I have never been so simultaneously impressed and bewildered. We spent a whole afternoon going through his stock. He would say things to me like: “Now this has a 70-denier high-density abrasion-resistant fly with a ripstop weave. On the other hand, and I’ll be frank with you here”-and he would lean to me and reduce his voice to a low, candid tone, as if disclosing that it had once been arrested in a public toilet with a sailor-“the seams are lap felled rather than bias taped and the vestibule is a little cramped.”

I think because I mentioned that I had done a bit of hiking in England, he assumed some measure of competence on my part. I didn’t wish to alarm or disappoint him, so when he asked me questions like “What’s your view on carbon fiber stays?” I would shake my head with a rueful chuckle, in recognition of the famous variability of views on this perennially thorny issue, and say, “You know, Dave, I’ve never been able to make up my mind on that one-what do you think?”

Together we discussed and gravely considered the relative merits of side compression straps, spindrift collars, crampon patches, load transfer differentials, air-flow channels, webbing loops, and something called the occipital cutout ratio. We went through that with every item. Even an aluminum cookset offered considerations of weight, compactness, thermal dynamics, and general utility that could occupy a mind for hours. In between there was lots of discussion about hiking generally, mostly to do with hazards like rockfalls, bear encounters, cookstove explosions, and snakebites, which he described with a certain misty-eyed fondness before coming back to the topic at hand.

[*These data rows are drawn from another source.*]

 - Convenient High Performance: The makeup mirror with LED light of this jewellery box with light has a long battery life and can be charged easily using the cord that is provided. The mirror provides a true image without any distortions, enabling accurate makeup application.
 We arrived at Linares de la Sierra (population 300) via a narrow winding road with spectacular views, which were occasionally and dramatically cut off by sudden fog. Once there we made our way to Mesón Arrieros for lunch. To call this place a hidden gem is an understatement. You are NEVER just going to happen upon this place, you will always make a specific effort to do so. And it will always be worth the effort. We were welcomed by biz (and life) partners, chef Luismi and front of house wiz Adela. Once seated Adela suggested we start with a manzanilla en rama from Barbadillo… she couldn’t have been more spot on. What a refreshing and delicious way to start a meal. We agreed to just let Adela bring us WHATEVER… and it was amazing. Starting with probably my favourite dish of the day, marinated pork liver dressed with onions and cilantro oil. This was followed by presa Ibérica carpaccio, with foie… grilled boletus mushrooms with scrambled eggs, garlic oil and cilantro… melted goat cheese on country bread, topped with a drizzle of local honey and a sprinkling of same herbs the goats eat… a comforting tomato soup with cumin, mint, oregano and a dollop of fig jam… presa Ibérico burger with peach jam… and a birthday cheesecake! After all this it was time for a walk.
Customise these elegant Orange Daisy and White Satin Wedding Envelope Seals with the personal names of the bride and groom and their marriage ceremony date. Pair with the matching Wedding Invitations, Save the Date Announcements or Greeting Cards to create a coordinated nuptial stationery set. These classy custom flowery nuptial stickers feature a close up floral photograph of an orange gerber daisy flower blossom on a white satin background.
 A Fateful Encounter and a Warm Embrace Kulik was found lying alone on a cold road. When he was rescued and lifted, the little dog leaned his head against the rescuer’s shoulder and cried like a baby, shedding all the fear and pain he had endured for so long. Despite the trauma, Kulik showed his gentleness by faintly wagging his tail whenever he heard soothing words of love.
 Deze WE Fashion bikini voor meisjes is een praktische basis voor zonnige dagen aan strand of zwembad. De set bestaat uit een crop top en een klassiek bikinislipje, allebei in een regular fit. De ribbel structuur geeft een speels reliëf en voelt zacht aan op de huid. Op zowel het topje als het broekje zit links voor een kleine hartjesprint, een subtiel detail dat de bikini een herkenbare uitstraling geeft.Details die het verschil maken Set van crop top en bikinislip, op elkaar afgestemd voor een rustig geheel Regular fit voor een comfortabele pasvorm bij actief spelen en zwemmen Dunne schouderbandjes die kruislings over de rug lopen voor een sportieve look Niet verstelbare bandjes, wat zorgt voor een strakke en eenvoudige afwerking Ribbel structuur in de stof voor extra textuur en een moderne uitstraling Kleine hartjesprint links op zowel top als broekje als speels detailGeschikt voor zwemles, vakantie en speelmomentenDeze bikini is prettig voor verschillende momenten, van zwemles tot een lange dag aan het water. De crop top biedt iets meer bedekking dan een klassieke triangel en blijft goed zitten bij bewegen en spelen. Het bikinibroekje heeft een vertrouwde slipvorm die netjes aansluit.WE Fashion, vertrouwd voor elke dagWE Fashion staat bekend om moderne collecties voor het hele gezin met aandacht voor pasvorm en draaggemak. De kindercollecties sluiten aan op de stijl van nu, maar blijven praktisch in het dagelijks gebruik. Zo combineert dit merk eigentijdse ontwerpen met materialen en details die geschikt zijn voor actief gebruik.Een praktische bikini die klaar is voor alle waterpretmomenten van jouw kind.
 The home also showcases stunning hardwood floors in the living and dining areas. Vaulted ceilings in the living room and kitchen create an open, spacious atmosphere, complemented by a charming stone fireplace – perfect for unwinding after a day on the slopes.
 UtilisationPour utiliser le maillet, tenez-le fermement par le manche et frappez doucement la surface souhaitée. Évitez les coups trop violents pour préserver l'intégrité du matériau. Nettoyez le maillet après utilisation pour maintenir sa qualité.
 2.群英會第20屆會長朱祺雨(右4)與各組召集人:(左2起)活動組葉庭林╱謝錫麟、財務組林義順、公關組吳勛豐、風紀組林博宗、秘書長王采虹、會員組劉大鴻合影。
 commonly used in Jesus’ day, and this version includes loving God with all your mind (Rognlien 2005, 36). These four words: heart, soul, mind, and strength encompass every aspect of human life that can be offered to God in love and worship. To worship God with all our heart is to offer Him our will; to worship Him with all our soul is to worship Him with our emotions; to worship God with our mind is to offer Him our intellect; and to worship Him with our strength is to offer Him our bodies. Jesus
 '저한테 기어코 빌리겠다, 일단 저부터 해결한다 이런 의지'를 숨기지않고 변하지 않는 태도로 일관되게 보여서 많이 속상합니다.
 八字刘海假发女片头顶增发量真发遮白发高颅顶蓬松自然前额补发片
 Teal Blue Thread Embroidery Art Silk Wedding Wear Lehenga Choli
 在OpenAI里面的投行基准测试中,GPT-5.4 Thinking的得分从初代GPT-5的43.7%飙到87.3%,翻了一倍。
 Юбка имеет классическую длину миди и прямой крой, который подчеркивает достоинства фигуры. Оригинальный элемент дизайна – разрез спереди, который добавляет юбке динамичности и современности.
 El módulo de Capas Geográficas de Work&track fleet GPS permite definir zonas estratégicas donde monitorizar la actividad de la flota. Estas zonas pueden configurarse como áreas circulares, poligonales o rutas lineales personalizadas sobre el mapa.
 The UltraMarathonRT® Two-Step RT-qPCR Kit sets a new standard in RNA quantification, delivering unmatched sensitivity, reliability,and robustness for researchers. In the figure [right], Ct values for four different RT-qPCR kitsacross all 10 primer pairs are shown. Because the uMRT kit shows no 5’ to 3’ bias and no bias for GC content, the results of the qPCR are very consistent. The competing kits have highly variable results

With everything, he talked a lot about weight. It seemed to me a trifle overfastidious to choose one sleeping bag over another because it weighed three ounces less, but as equipment piled up around us I began to appreciate how ounces accumulate into pounds. I hadn’t expected to buy so much-I already owned hiking boots, a Swiss army knife, and a plastic map pouch that you wear around your neck on a piece of string, so I had felt I was pretty well there-but the more I talked to Dave the more I realized that I was shopping for an expedition.